Discussion in 'Health and wellbeing' started by awithers3, Apr 18, 2018.

  1. awithers3

    awithers3 New commenter

    Hi all,

    I learnt very recently that my beloved dog (Chocolate Lab - got her in 2008 at 3 y/o) is suffering from a multitude of tumors on her lungs and is likely to be put to sleep very shortly due to her weakness, fatigue and likely inevitable suffering should she be left to live slightly longer. It appears to very much be the ethically and most loving thing to do and I support the decision fully. She has been sluggish for a few weeks and collapsed on a short walk yesterday.

    She is the first dog I've ever had the pleasure of owning and obviously I've always known this day would come, but it really doesn't make the process any easier.

    To further complicate matters, I am currently working on the other side of the world at an International School, and have been since August 2017, making that the last time I saw her (lives with my parents). She was growing older but healthy as anything, but I said a loving goodbye knowing this was a distinct possibility, but also truly expecting to see her again.

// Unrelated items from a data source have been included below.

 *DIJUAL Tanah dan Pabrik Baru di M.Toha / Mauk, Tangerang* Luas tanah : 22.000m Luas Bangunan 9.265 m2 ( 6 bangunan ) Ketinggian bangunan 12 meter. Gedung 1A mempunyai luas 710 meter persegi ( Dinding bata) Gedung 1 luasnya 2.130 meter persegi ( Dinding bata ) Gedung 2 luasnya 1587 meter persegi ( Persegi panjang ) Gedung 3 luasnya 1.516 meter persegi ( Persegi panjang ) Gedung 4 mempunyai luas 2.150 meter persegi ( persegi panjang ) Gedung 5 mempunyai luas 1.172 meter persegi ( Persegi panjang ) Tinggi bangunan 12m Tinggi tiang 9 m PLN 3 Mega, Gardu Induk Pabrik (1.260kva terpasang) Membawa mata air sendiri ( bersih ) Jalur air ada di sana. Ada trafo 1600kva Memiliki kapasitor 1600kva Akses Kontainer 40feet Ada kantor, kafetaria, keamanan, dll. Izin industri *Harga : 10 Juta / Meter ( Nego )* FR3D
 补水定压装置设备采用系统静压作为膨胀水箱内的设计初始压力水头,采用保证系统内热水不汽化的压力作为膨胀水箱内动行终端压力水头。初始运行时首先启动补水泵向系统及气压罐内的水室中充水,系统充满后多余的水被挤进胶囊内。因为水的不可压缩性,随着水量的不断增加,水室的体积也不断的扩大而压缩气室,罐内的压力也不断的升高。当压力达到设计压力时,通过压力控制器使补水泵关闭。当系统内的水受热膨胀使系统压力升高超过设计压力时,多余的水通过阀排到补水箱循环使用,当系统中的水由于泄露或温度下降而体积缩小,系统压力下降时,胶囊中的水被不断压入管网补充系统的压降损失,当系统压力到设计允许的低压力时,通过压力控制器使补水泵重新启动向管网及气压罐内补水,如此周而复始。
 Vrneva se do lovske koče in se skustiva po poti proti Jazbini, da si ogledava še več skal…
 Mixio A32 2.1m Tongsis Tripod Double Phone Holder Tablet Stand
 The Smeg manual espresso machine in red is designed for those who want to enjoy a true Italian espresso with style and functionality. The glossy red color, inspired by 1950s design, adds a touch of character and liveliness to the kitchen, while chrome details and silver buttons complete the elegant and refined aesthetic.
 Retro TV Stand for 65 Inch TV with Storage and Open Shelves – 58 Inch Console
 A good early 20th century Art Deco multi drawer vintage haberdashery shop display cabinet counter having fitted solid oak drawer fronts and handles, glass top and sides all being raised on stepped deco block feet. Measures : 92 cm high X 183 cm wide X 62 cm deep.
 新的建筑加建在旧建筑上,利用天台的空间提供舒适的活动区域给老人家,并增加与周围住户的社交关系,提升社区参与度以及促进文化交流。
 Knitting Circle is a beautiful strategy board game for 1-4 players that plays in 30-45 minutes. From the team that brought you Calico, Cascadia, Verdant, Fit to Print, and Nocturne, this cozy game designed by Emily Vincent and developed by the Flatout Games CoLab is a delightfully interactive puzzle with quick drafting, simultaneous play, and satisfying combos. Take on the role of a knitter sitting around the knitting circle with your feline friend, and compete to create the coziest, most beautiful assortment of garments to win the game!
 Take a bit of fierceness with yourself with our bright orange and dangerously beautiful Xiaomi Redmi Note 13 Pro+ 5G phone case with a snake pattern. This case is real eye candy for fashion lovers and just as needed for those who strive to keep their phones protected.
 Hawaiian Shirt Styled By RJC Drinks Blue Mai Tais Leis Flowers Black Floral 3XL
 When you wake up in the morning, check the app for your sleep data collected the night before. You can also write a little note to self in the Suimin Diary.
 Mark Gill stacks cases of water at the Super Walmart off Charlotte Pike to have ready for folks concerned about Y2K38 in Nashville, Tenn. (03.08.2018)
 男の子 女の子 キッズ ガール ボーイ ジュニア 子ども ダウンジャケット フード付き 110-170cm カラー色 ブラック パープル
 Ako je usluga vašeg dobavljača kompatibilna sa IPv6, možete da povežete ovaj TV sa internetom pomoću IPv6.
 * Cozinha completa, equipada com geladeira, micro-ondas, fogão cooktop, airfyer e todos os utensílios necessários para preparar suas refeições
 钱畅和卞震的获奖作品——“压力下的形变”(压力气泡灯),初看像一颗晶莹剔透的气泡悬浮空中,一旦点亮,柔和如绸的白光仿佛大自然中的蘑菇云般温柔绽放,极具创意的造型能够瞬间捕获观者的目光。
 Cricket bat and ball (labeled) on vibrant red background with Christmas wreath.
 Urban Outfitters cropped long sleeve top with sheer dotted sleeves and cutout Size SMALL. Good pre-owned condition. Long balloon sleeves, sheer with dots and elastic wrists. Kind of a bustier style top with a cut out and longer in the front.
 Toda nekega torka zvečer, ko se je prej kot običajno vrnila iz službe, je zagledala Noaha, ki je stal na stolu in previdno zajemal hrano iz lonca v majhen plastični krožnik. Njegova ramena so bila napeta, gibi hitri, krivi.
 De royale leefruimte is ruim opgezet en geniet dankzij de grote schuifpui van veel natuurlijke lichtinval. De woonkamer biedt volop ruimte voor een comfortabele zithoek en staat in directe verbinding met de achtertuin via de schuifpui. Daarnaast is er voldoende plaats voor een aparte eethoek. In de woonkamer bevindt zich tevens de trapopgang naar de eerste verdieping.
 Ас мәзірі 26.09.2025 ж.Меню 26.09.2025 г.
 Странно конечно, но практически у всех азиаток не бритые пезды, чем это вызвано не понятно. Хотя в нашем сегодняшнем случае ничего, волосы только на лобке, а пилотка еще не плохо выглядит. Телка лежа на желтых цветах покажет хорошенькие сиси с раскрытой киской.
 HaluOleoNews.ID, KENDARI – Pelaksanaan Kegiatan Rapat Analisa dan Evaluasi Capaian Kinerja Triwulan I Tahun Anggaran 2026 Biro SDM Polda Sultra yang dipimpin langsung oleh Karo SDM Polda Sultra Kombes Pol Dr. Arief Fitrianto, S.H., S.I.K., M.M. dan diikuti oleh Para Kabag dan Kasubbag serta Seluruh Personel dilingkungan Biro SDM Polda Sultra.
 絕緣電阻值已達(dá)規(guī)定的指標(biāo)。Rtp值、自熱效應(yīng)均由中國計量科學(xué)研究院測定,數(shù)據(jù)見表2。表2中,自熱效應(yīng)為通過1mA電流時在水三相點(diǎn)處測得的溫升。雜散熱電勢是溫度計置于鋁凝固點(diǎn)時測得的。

    Despite the rational part of my brain repeatedly stating that this is right in every respect, she has had a long and happy life with us, and that it isn't my fault I'm here and not there, whenever I get a free minute from not teaching or marking or planning or anything else involving work I can feel an overwhelming sadness I've not really felt in my life as of yet - no close family or friends have passed away so far in my lifetime, and besides goldfish (!) , I've never had a pet before her. We got her from a family who were emigrating, but who hadn't really trained her for domestic life. I raised her, trained her, was her primary walker/pack leader for years and spent more time with her than anyone else. I just want to be back in the UK scratching her ears in the way only I can do when she shuts her eyes, but I cannot, and it really gets to me. I had to go for a short walk around the school playground during a free lesson today because I had something in my eye.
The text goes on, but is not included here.